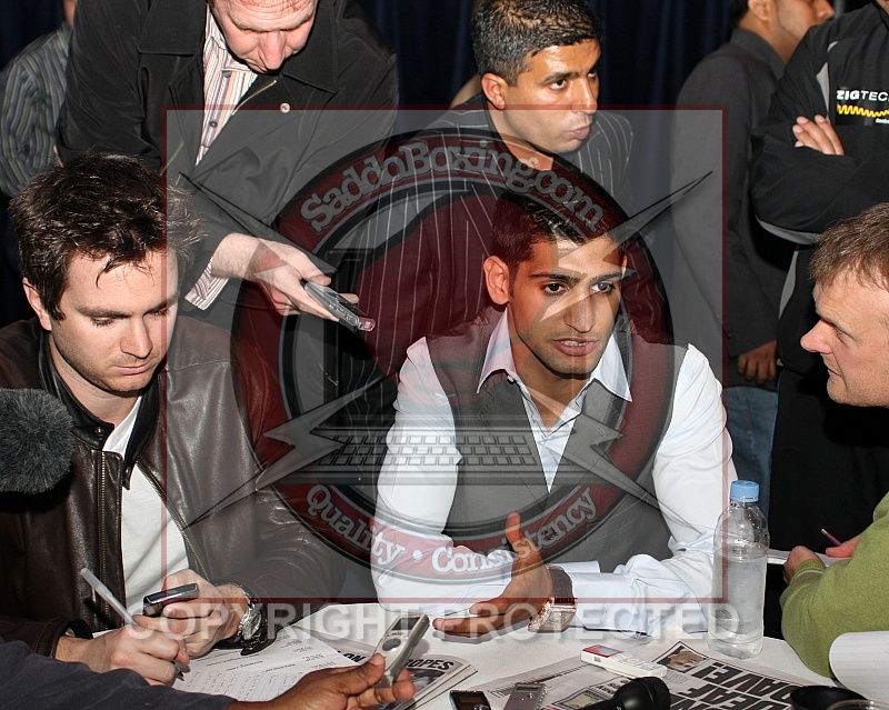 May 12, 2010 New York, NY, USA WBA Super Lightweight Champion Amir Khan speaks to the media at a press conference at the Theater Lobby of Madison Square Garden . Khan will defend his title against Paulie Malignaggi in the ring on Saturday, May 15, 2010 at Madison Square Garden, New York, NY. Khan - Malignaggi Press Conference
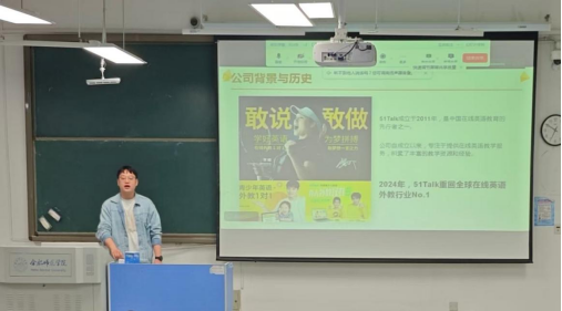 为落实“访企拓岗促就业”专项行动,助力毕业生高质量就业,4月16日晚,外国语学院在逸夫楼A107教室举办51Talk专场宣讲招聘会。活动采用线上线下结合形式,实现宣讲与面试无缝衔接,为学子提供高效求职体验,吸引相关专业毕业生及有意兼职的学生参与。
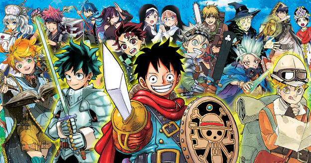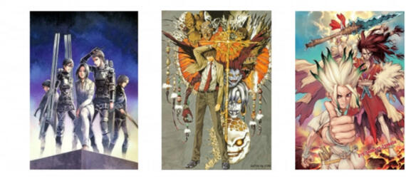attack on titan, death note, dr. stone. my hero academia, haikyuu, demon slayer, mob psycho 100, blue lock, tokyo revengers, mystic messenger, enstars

> [Task goal] When an image appears in the data, skip it and output the rest exactly.

> [Output for this task]
 May 12, 2010 New York, NY, USA WBA Super Lightweight Champion Amir Khan speaks to the media at a press conference at the Theater Lobby of Madison Square Garden . Khan will defend his title against Paulie Malignaggi in the ring on Saturday, May 15, 2010 at Madison Square Garden, New York, NY. Khan - Malignaggi Press Conference
 为落实“访企拓岗促就业”专项行动,助力毕业生高质量就业,4月16日晚,外国语学院在逸夫楼A107教室举办51Talk专场宣讲招聘会。活动采用线上线下结合形式,实现宣讲与面试无缝衔接,为学子提供高效求职体验,吸引相关专业毕业生及有意兼职的学生参与。
attack on titan, death note, dr. stone. my hero academia, haikyuu, demon slayer, mob psycho 100, blue lock, tokyo revengers, mystic messenger, enstars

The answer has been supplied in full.